В 1930-е гг. лингвист и статистик из Гарварда Джордж Ципф сделал серию новаторских наблюдений за языком. Возможно, самое знаменитое из них состояло в том, что некоторые слова в языке чрезвычайно частотны и встречаются на порядок чаще большинства слов. Эта закономерность достаточно регулярна и известна как закон Ципфа. По сути, она подразумевает, что в данном языке самое частотное слово встречается вдвое чаще второго по частотности, втрое чаще третьего по частотности, вчетверо чаще четвертого по частотности и т. д. Это несколько упрощенное изложение его наблюдений, но в целом такое обобщение достаточно хорошо работает для всех изученных языков и баз данных.
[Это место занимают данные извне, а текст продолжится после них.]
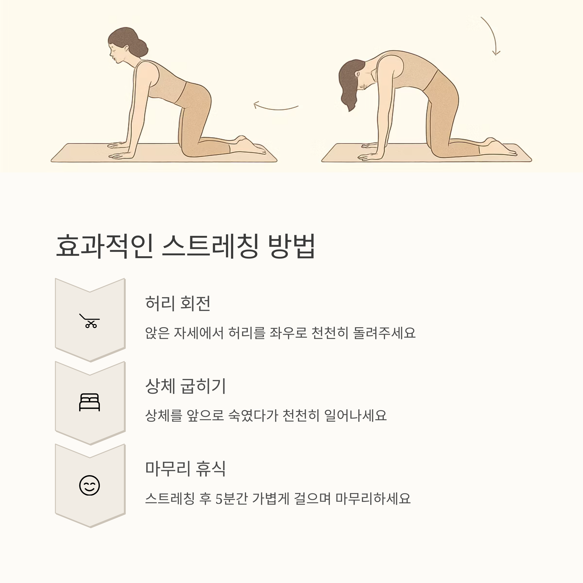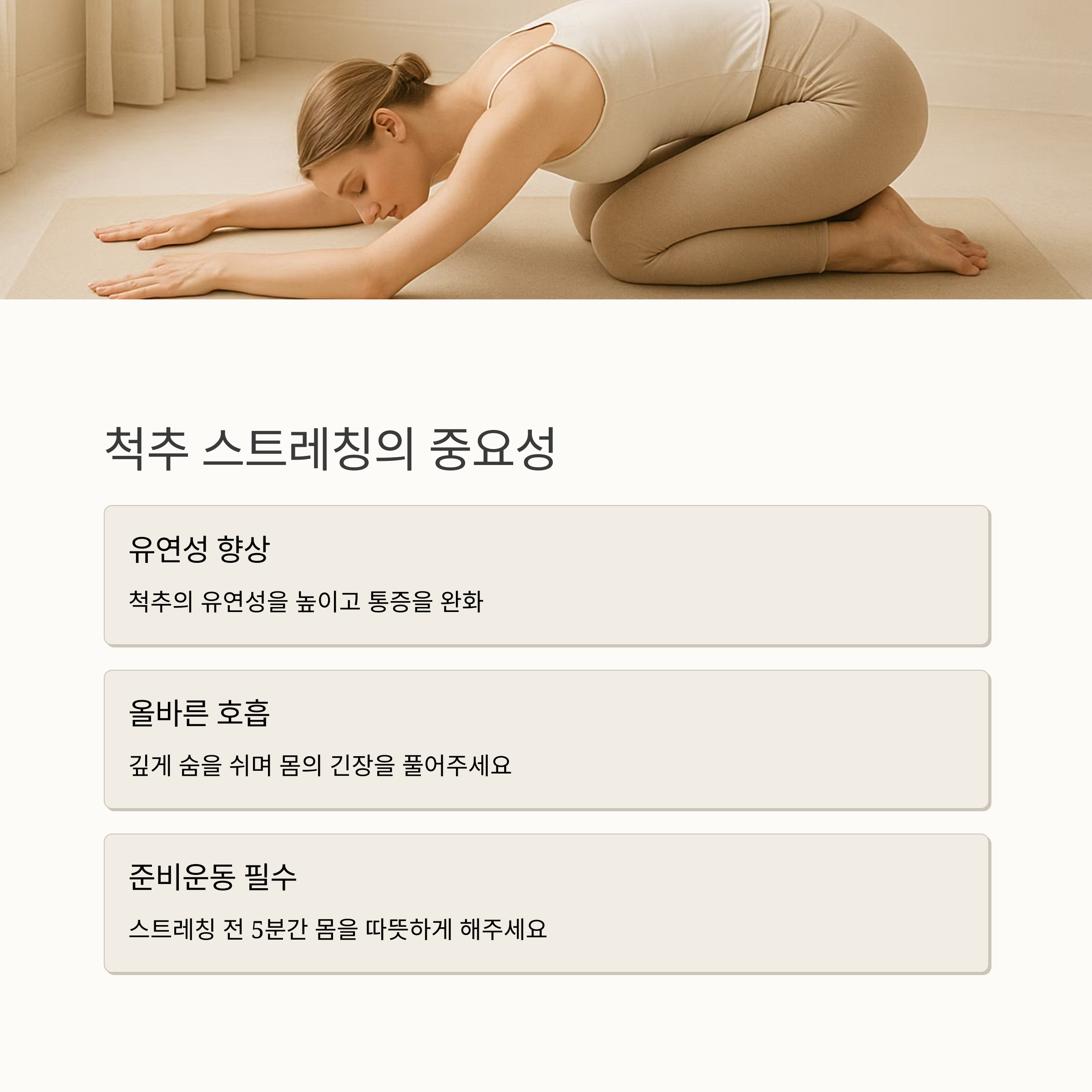 하지만 무리하게 스트레칭을 하면 오히려 척추에 부담이 갈 수 있으니, 항상 본인의 몸 상태를 확인하면서 천천히, 부드럽게 스트레칭을 해야 해요. 그리고 스트레칭을 할 때는 숨을 크게 들이쉬고 내쉬면서 몸의 긴장을 풀어주는 것이 중요해요. 스트레칭을 하기 전에는 가볍게 몸을 풀어주는 준비 운동을 5분 정도 해주세요.

Помимо частотности слов, закон Ципфа описывает также распределение многих других явлений окружающего мира. Он распространяется также на отдельные звуки. В одном из моих собственных исследований я заметил, что, если взять набор частотных слов любого языка, мы заметим, что один звук языка будет встречаться значительно чаще, чем остальные, нередко вдвое чаще, чем второй по распространенности звук. Например, во многих языках звук [m] в общеупотребительных словах гораздо более распространен, чем любой другой звук. Ципф предложил и другое ключевое соображение, важное для темы нашего разговора: самыми частотными словами обычно оказываются короткие слова типа предлогов и артиклей. Говоря словами Ципфа, «величина слов в целом имеет тенденцию находиться в обратной (не обязательно пропорциональной) зависимости от их частоты встречаемости»[113]. Чем реже слово, тем больше его длина, выраженная в количестве звуков. Очень распространенные слова, как правило, и очень короткие.
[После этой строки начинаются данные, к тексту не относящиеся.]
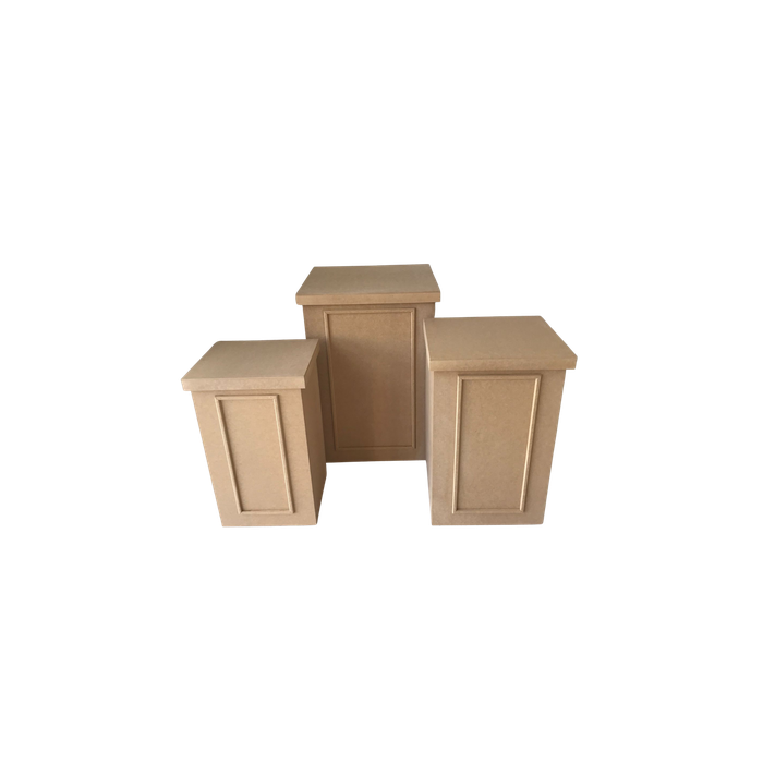 TRIO DE MESAS DOBRÁVEIS EM CUBOS BOISERIE - em MDF CRU - PARA DECORAÇÃO E FESTAS

В наблюдениях Ципфа впечатляет то, насколько стабильны они для различных языков и наборов данных; за те десятилетия, которые прошли с момента их публикации, они воспроизводились вновь и вновь. Продолжаются, однако, активные споры о том, почему эти наблюдения так четко подтверждаются. В отношении того, что частотные слова обычно подвергаются со временем «фонетической редукции», то есть укорачиванию, современные исследования дают убедительные доказательства: это происходит потому, что высокочастотные слова достаточно предсказуемы. В сущности, когда мы произносим очень распространенные слова, наши слушатели могут предсказать, какое слово вылетит из наших уст, в самом начале слова. Это означает, что мы склонны укорачивать слова, так как немалая доля фонетических усилий, которых они требуют, оказывается несколько излишней. В конце концов, один из ключевых факторов, формирующих слова и языки, это принцип наименьшего усилия: при прочих равных условиях мы склонны тратить как можно меньше сил на выражение своих мыслей.
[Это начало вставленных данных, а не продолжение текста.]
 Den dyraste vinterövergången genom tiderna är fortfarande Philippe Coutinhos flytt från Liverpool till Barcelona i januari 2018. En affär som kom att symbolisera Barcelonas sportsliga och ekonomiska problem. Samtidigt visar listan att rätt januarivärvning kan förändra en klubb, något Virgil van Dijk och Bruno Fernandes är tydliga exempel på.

Исследование Стивена Пьянтадоси, когнитивиста из Калифорнийского университета в Беркли, и его коллег подтверждает: общая предсказуемость слова лучше прогнозирует вероятность, что оно будет короче, чем его частотность сама по себе. Иными словами, предсказуемость слова не просто функция его частотности. Хотя широко распространенные слова обычно несколько предсказуемы, их предсказуемость определяется контекстом. Например, если я начинаю: «Она села на…», то вам известно, что с большой вероятностью за этим последуют определенные слова. Я могу сказать: «Она села на стул», или «поезд», или «автобус», или «пол». Но вряд ли я скажу: «Она села на дом». (Хотя ничто не мешает мне это сделать, если, например, я рассказываю сказку о великанше.) Хотя «дом» – распространенное слово, оно намного менее предсказуемо в этом контексте. В этом предложении так или иначе слово типа «автобус» дает меньше информации, чем неожиданное слово типа «дом». Когда мы слышим последовательность типа «сесть на», наш мозг уже ожидает, что дальше последует слово типа «автобус» или несколько других вариантов. Что интересно, если изучить все контексты, в которых встречается данное слово, например «автобус», и рассмотреть миллионы слов в предложениях, действительно сказанных людьми, можно увидеть, насколько это слово информативно.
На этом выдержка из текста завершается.